Interpretation & conclusions
The HIV seropositive TB patients responded poorly to the RNTCP regimens as evidenced by lower success rates with chemotherapy and high mortality rates during treatment and follow up. There is a need to streamline the identification and management of HIV associated TB patients in the programme with provision of ART to achieve high cure rates for TB, reducing mortality rates and ensuring a better quality of life.

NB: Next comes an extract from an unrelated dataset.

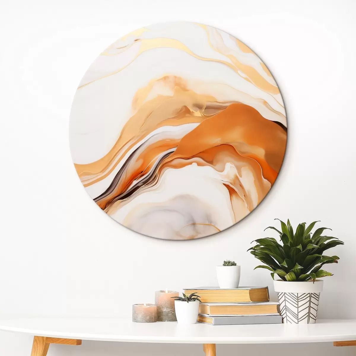 Tableaux rondes Imitation de peinture abstraite avec des formes fluides dans des tons de blanc, orange et marron, minimaliste r45938

Keywords: Anti-retroviral therapy, HIV, HIV-TB, RNTCP, seropositive, sputum, tuberculosis
Tuberculosis is a major public health problem globally as well as regionally. In Asia, the prevalence of HIV infection in TB patients has been lower than that reported from sub-Saharan Africa1. In urban areas in India, a series of referral center surveys from the late 1990's reported an increasing prevalence of HIV among TB patients2–12 Raizada et al12 provided information from community based surveys on tuberculosis patients in different regions of India and showed a HIV prevalence varying from 1 to 13.8 per cent in 15 different districts in India12. In India, more than 50 per cent of HIV seropositive subjects have been shown to develop active tuberculosis at least once in their lifetime13,14. Thus, managing HIV associated TB could be a problem in areas where HIV prevalence is high.
In the Revised National Tuberculosis Control Programme (RNTCP) in India, the target of 85 per cent cure rate has been attained. A recent report indicates a success rate of 87 per cent in 200915. This, however, is a mean of results achieved throughout the country with a HIV prevalence of 0.29 per cent16. The distribution of HIV infection is uneven and there are six States which have HIV prevalence over 1 per cent. In such areas, the prevalence of HIV infection in TB patients may be high, which could in turn affect the efficacy of the RNTCP regimen.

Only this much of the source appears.